Average annual Precipitation changes (%) plotted against temperature changes (°C) for the Colorado River Basin region for 14 different Earth System Model’s (ESM’s) and the RCP 8.5 scenario. GFDL-ESM2G and IPSL-CM5A-LR models are highlighted in red. Of the 14 ESMs, six were used in our analysis to cover the range of ESM results for precipitation and temperature change. Those six models are presented in Supporting Information S1 with the two highlighted models (GFDL-ESM2G and IPSL-CM5A-LR) discussed in detail here. The vertical and horizontal black lines represent the multi-model mean of projected temperature and precipitation change, respectively.

Table 1. Projected Change in Mean Annual Temperature and Precipitation in the Colorado River Basin Simulated Using the Six Earth System Model Models Used in This Study
ΔT (°C) ΔP (%)
IPSL-CM5A-LR 6.33 −15.60
HadGEM2-ES365 6.35 4.04
MPI-ESM-LR 5.03 3.33
GFDL-ESM2M 4.07 1.38
MIROC-ESM 6.98 7.79
GFDL-ESM2G 4.56 8.51
  • Note. IPSL-CM5A-lR and GFDL-ESM2G are in bold and are discussed in detail in this study while the other models are presented in Supporting Information S1.

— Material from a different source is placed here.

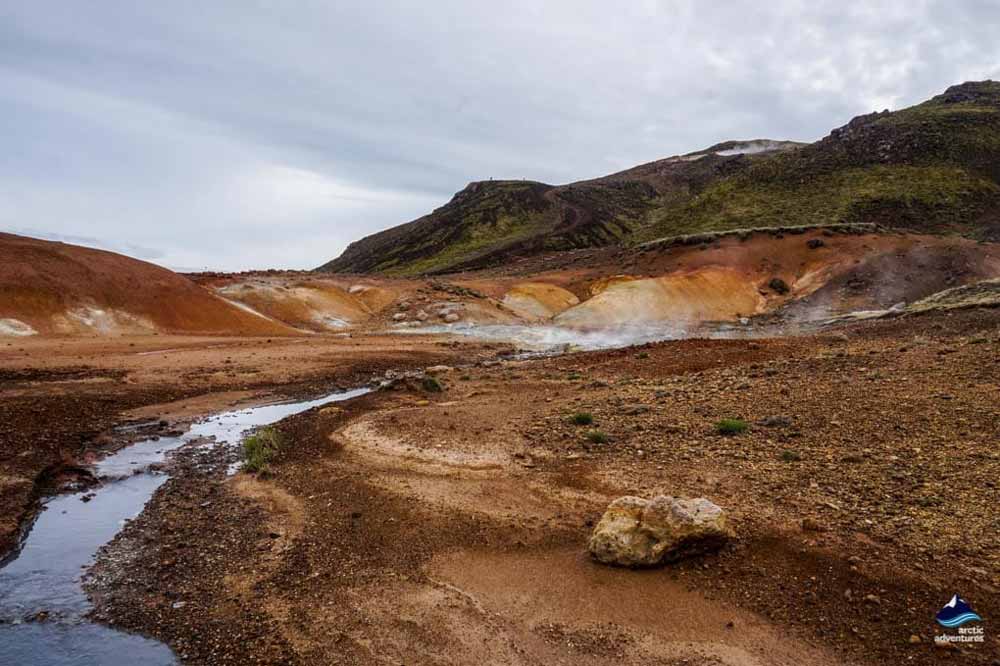 Von dort aus stoßen wir in das Gebiet Krýsuvík vor. Diese bergige Region ist für ihre mehrfarbigen Schwefelablagerungen, welche für die Färbung der Wege sorgen, bekannt. Weiterhin gibt es in dieser Gegend neben bunten Kraterseen und blubbernden heißen Quellen eine Vielzahl an unterschiedlichen Vogelarten, darunter Klippenmöwen, Trottellummen und Tordalks, die oft von den Klippen aus in den Atlantischen Ozean abtauchen.
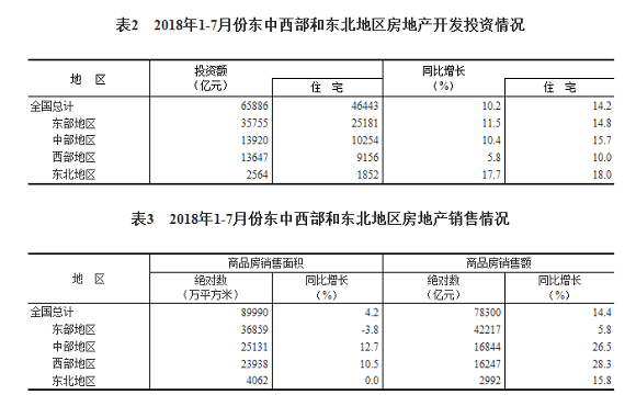 1-7月份,东部地区房地产开发投资35755亿元,同比增长11.5%,增速比1-6月份提高0.7个百分点;中部地区投资13920亿元,增长10.4%,增速回落1个百分点;西部地区投资13647亿元,增长5.8%,增速提高1.6个百分点;东北地区投资2564亿元,增长17.7%,增速与1-6月份持平。

For brevity, we focus our presentation of results on the wettest and driest models assessed (GFDL-ESM2G and IPSL-CM5A-LR, respectively), and these models are highlighted in Figure 3. GFDL-ESM2G also exhibits significantly less warming (+4.56°C) than IPSL-CM5A-LR (+6.33°C), providing us with a warm and wet scenario (GFDL-ESM2G, referred to herein as warm/wet scenario) and a hot and dry scenario (IPSL-CM5A-LR, referred to herein as hot/dry scenario). Results for other ESMs at three signals can be found in Supporting Information S1 and will be mentioned in the text where the results of ESMs showed similar or dissimilar behavior. GFDL-ESM2G is labeled Wet, and IPSL-CM5A-LR is labeled as Dry in figures. Here, we present results at 2, 3, and 4 signals where NMFk has determined a robust solution. While NMFk is capable of determining the optimal number of signals, we present multiple solutions to allow for comparison between ESM's and indicators. Further, the optimal solution mathematically may not be the most interpretable with respect to our research focus on drought. Thus, we present a range of the robust solutions as determined by NMFk.

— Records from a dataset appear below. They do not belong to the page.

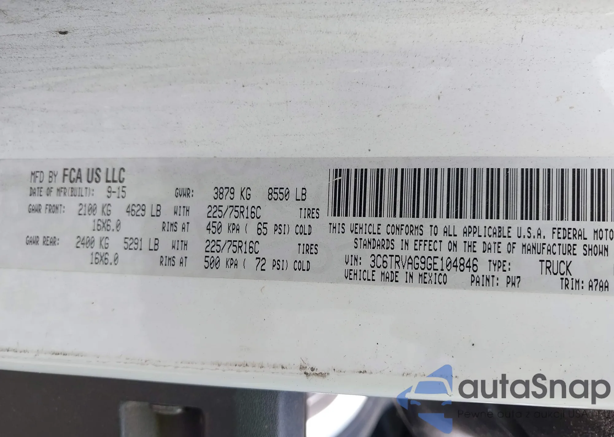 • VIN 3C6TRVAG9GE104846
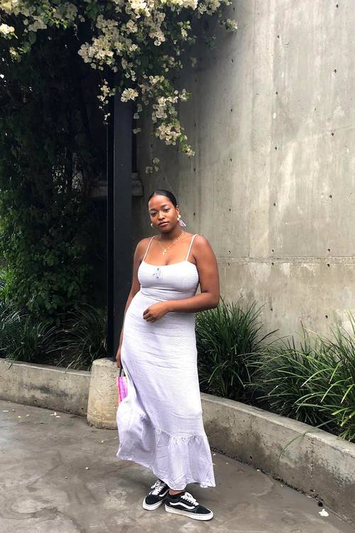 Một chiếc váy tanktop đơn giản và giày Vans Old Skool sẽ tạo nên một bộ trang phục mùa hè lý tưởng. Vừa cá tính, vừa sexy là miêu tả về outfit này.
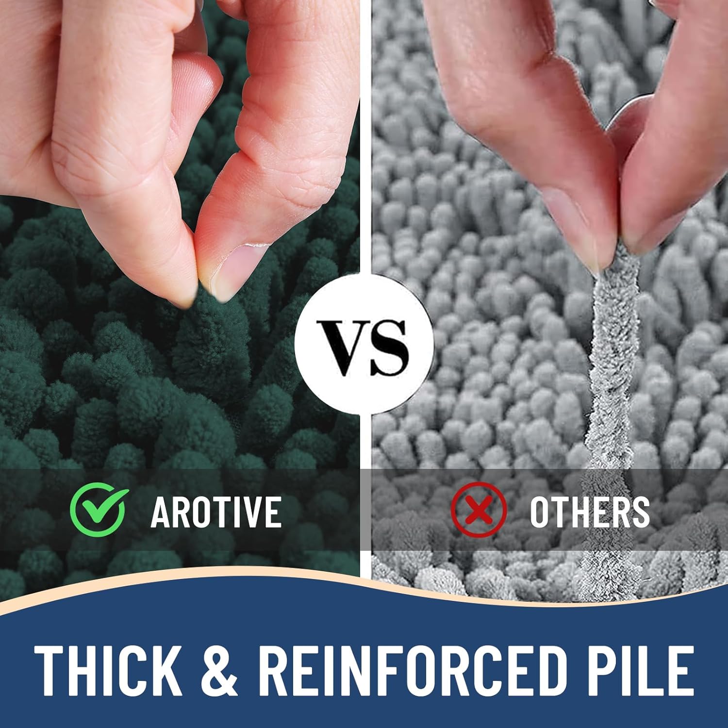 Arotive Luxury Chenille Bathroom Rug Mat, Extra Soft Thick Absorbent Shaggy Bath Rugs, Non-Slip Machine Wash Dry, Plush Bath Mats for Bathroom, Shower and Tub, 24x16, Dark Green
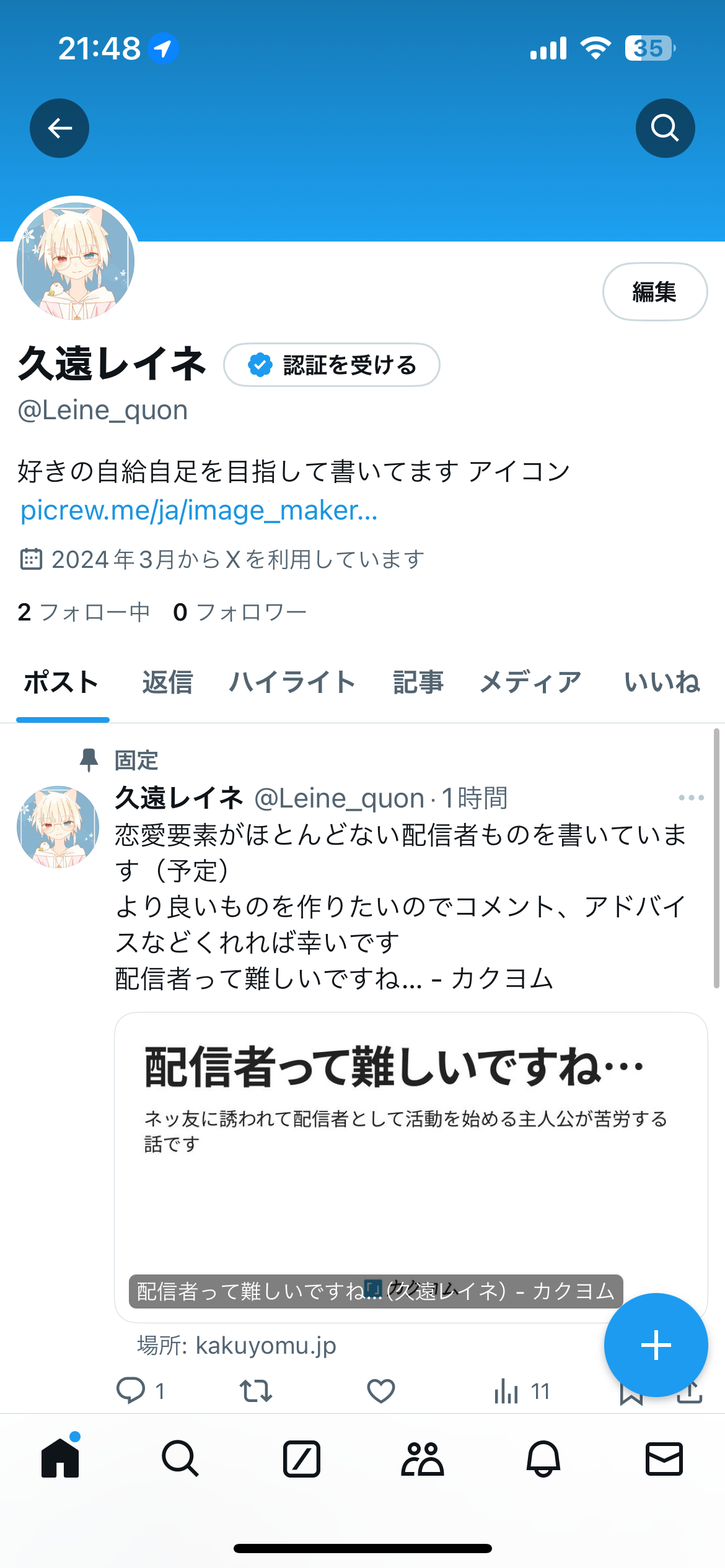 あ、あとキャラクターとか設定は主にXで書く予定なので気になる方は是非(オッドアイ白髪猫耳が目印です)
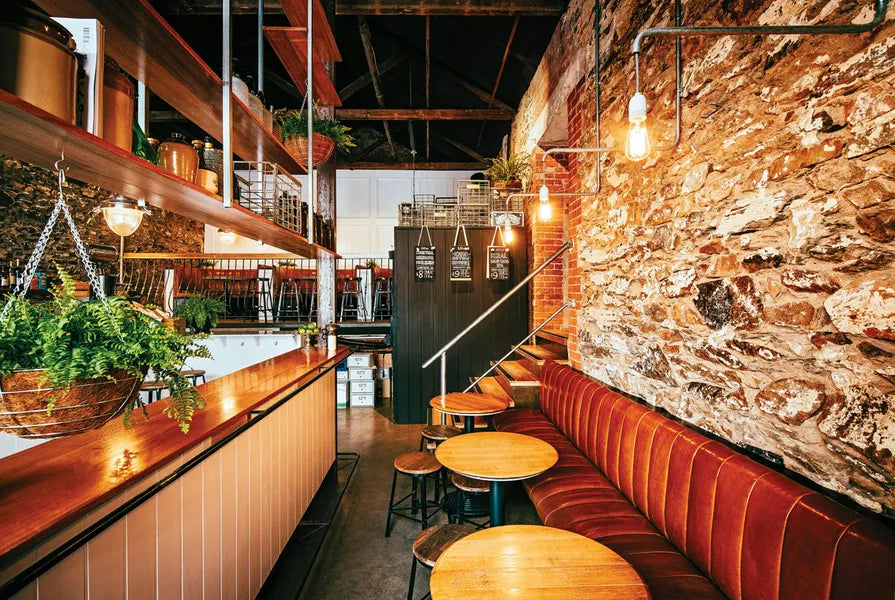 Best Bar Design | Adam Johnson of Xtra Shiny - Eat Drink Design Awards 2014. Pictured: Custom banquet upholstery using Contemporary Leathers ‘Verona’ in the shade ‘Nutmeg’ by Luke Makris of Beilby’s Furniture.
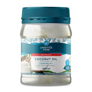 Dis-ChemCoconut oil is a stable cooking oil due to its resistance to oxidation and polymerisation at high temperatures. Unlike other oils, which can produce harmful aldehydes when heated, Lifestyle Food Odourless Coconut Oil 400ml's high saturated fat content makes it a safer option for frying. This is because saturated fats are more stable at high temperatures than mono- and polyunsaturated fats. This odourless variant ensures a neutral taste in your culinary creations. Specifications Volume: 400ml Ideal for: Frying & baking Dietary: Vegan Taste: Neutral taste Pack size: 400ml Exclusive brands: Yes Kosher: Yes Nutrients: Coconut oil Ingredients Coconut oil

3.1 Maximum Temperature (Tempx)

The spatial clustering of maximum temperature (tempx) for 2, 3, and 4 signals and each warm/wet and hot/dry scenario is shown in Figure 4. The rows in Figure 4 show the NMFk model results at differing number of signals (2, 3, or 4 signals), while each of the columns show the results of a particular climate scenario and time period (hot/dry, or warm/wet scenario, Historical/Future/Delta). With two signals (panel a1–a6), the sub-watersheds sort into the high-elevation Upper CRB and the low-elevation Lower CRB for both future and historical periods. The NMFk solution at two signals are able to consistently produce solutions across differing climate scenarios. The extracted two tempx signals consistently separates into the Upper and Lower CRB, with only a few solutions of NMFk found beyond two signals (panel b4, b6, c6). Nevertheless, the spatial clustering based on extracted tempx for higher number of signals still roughly follow similar latitudinal and elevational gradients as in the 2-signal solution.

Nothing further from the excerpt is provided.